◆ **Directions**
Look below for the line containing "- Lkw mit Tieflader"; from there, print each line exactly up to and including the line containing "四川佳岳檢測(cè)咨詢(x", and stop.

◆ **Records for this exercise**
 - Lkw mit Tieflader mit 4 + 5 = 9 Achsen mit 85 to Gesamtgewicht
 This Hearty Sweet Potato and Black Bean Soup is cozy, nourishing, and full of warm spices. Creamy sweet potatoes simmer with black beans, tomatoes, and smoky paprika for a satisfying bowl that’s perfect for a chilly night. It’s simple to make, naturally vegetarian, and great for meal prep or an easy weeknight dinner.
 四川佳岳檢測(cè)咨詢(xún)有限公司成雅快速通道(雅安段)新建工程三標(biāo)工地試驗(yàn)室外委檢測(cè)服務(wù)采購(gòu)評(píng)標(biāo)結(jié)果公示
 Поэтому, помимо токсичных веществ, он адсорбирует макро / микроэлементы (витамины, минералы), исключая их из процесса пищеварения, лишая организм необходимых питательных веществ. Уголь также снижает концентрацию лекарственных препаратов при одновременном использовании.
...
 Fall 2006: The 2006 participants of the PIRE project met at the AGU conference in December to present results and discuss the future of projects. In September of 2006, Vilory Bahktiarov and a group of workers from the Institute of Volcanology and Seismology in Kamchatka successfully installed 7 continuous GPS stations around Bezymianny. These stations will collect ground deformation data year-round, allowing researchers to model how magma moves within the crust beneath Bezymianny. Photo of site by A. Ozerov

◆ **Answer below**
 - Lkw mit Tieflader mit 4 + 5 = 9 Achsen mit 85 to Gesamtgewicht
 This Hearty Sweet Potato and Black Bean Soup is cozy, nourishing, and full of warm spices. Creamy sweet potatoes simmer with black beans, tomatoes, and smoky paprika for a satisfying bowl that’s perfect for a chilly night. It’s simple to make, naturally vegetarian, and great for meal prep or an easy weeknight dinner.
 四川佳岳檢測(cè)咨詢(xún)有限公司成雅快速通道(雅安段)新建工程三標(biāo)工地試驗(yàn)室外委檢測(cè)服務(wù)采購(gòu)評(píng)標(biāo)結(jié)果公示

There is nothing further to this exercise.